We posted earlier about a problem affecting the elzar Web server. While we were investigating the cause of that, the same thing happened on another Web server, “calculon”, causing a separate outage for customers on that server from 2:34 PM to 2:43 PM Pacific time this afternoon.
During this period, Web sites on that server were unavailable and incoming e-mail was delayed. (The Web server was slow for about six minutes after it was restarted, too.)
On both servers, high disk and memory usage caused the load to skyrocket to the point where they effectively stopped responding.
The good news is that we have narrowed down the cause, so it shouldn’t happen again. A bug in one of our maintenance programs that runs on each server was almost certainly responsible. The bug has been fixed.
We sincerely apologize for this issue, and regret the inconvenience it caused for customers hosted on these servers. Other servers were not affected.
The “elzar” Web server experienced high load between 5.40 and 6.00 AM Pacific time this morning, April 15. This resulted in slow Web sites and some interruption of service. (Some e-mail activity was delayed, but no e-mail was lost.)

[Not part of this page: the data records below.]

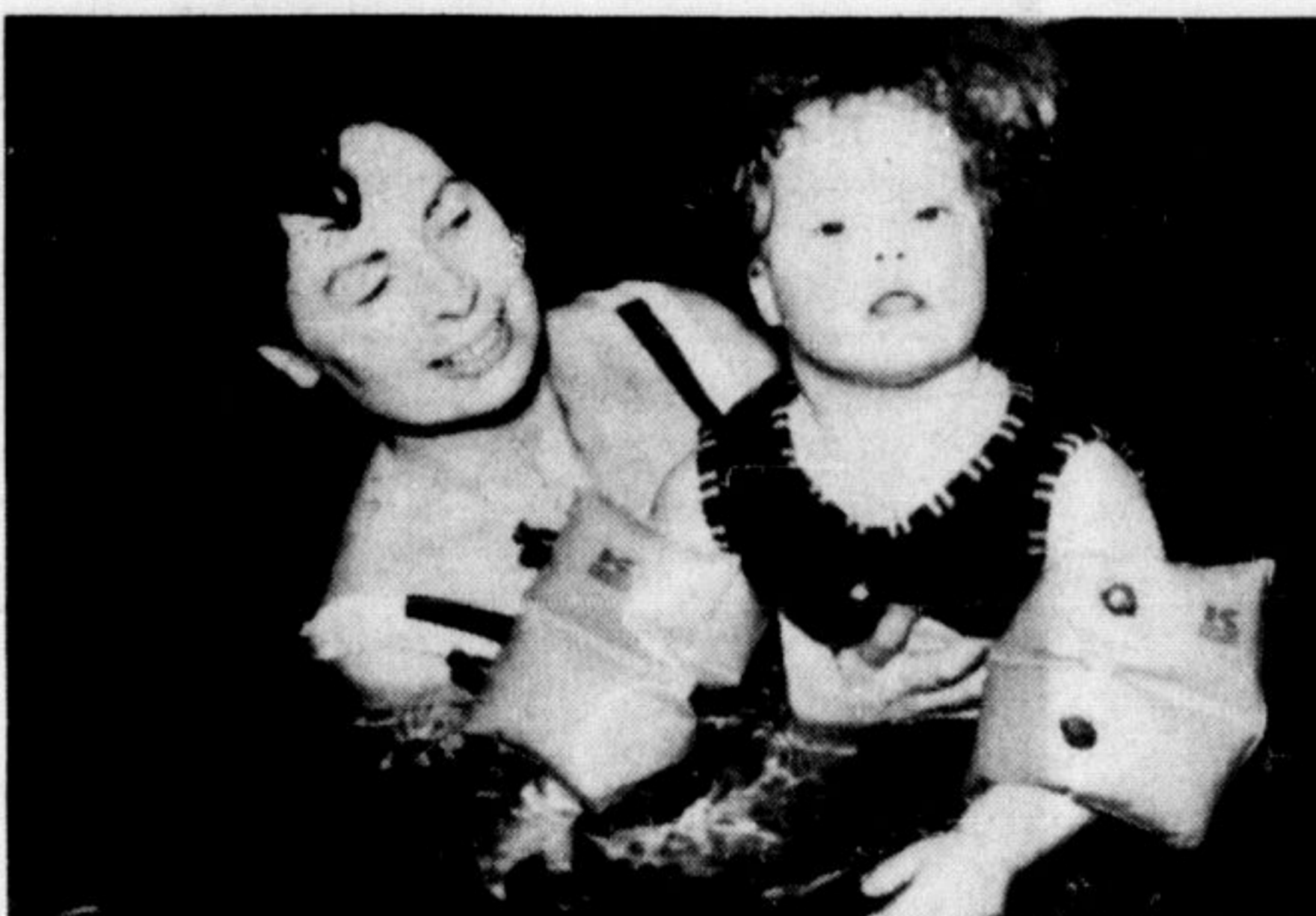
A HELPING HAND gives the young swimmers confidence as they try out the pool at the Credit Valley club.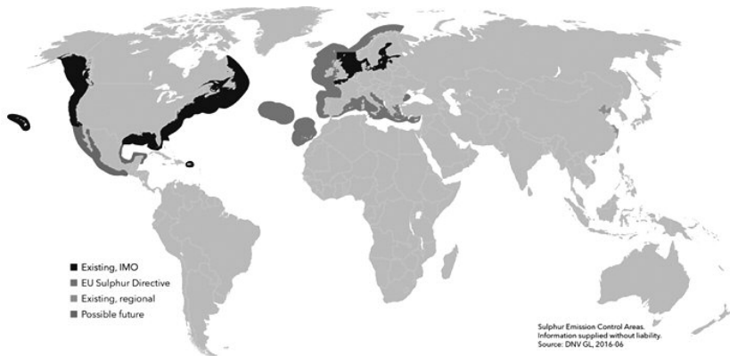
Figure 1. Existing and Possible Future Sulfur Emission Control Areas

Note: ECAs, as defined by MARPOL Annex VI, the scope of the EU Sulphur Directive, and other regionally controlled areas.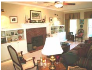
Family Room w/built-ins Breakfast Nook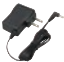
KSC-44SL* AC Adapter Single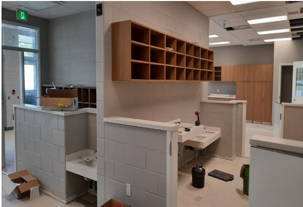
CHILD CARE - PRESCHOOL ROOM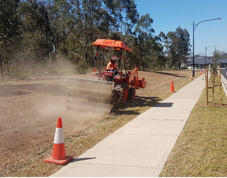
Seeding wildflowers close to pedestrian pathways in Jordan Springs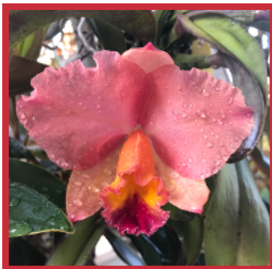
Slc. Final Touch 'Mendenhall' AM/AOS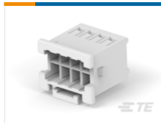
TE Part # 1969567-8 HOUSING, PLUG, GWT, DUAL ROW, EP2.5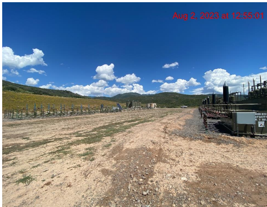
SW Corner of Location – Photo #05393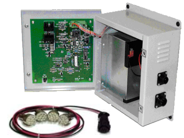
Emergency Lighting Controller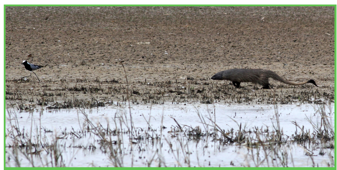
Photo 1. The Large Grey Mongoose (Herpestes ichneumon) - note the characteristic black tail-tip - is mainly associated with riparian, lacustrine or coastal habitats

The Large Grey Mongoose is generally diurnal, with peaks of activity in the morning and late afternoon (Palomares & Delibes 1992b; Maddock & Perrin 1993). During the night it sleeps singly or in family groups (see below) in underground dens or dense thickets (Palomares & Delibes 1993b). The species is crepuscular in Israel (Ben-Yaacov & Yom-Tov 1983) and, according to Palomares (2013), nocturnal activity may take place where individuals are subject to human disturbance. Most of the active time is spent foraging, while travelling and social interactions only occupy a minimum of time every day (Palomares & Delibes 1992b, 1993c). Foraging is characterised by intense prey searching. Animals walk with the nose close to the ground, inspect every small hole, frequently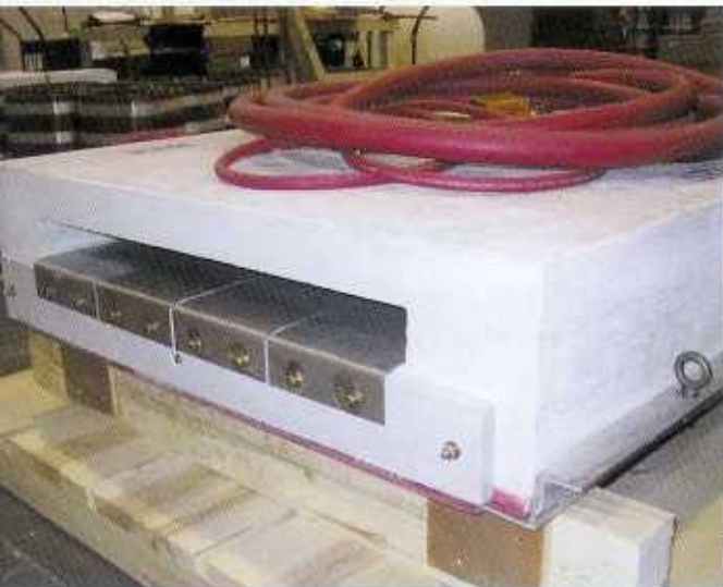
Ajax TOCCO Magnethermic wide oval cast coil for heating 6 to 12 strands of rebar prior to fusion bond epoxy coating.

Ajax TOCCO Magnethermic pipe coating installations are in almost every part of the world. These installations include processing of a wide variety of materials including epoxy, polyethylene, varnish and others with a wide range of curing temperatures.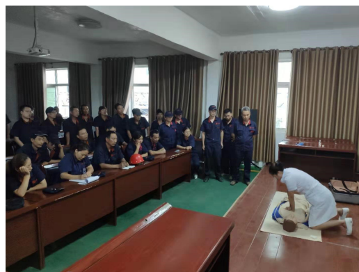
Emergency rescue course (Picture 2)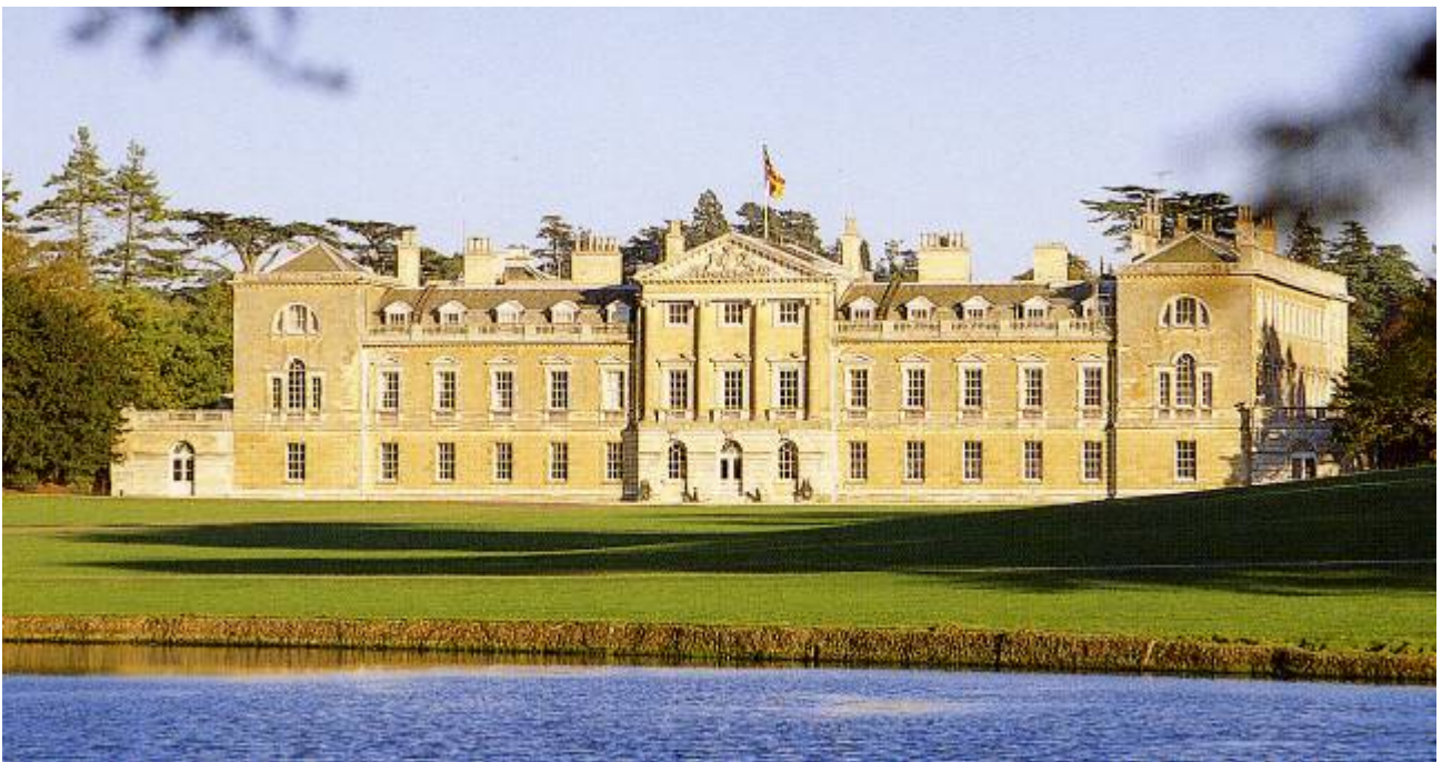
The West Front, Woburn Abbey

We will see their garden and be able to visit the 40 antique shops in the grounds. It promises to be a day of interest and contrasts to interest all ages.

We sincerely apologize for this problem. We consider this type of failure to be unacceptable, and are looking into the cause of the problem so that we can take the appropriate steps to prevent it from happening again.
As we’ve already posted, some of our Web servers will be restarted tonight at 11 PM Pacific time.
We’re adding the “zapp” Web server to that list so we can replace a RAID array disk that caused a problem on that server earlier today.
Update: The maintenance was completed with less than five minutes of “downtime”.
The “zapp” Web server was unavailable between 3:43 and 3.53 AM Pacific time this morning, April 4. This resulted in an interruption of service for Web sites on that server. (Some e-mail activity was delayed, but no e-mail was lost.)
We sincerely apologize for this problem. We consider this type of failure to be unacceptable, and are looking into the cause of the problem so that we can take the appropriate steps to prevent it from happening again.
At approximately 11:00 PM Pacific time on Friday, April 3, the “flexo”, “mom” and “elzar” servers will be restarted. As a result, Web site and e-mail service for some customers will be unavailable for approximately five minutes.
No e-mail will be lost, of course; incoming mail will just be slightly delayed.
We apologize for any inconvenience this may cause. This maintenance is necessary to install an updated “kernel” on our servers, as described in an earlier post.
Update: We’re also going to include the “zapp” server in this maintenance to replace a disk in the RAID array.
Update 2: The maintenance was completed with less than five minutes of “downtime”.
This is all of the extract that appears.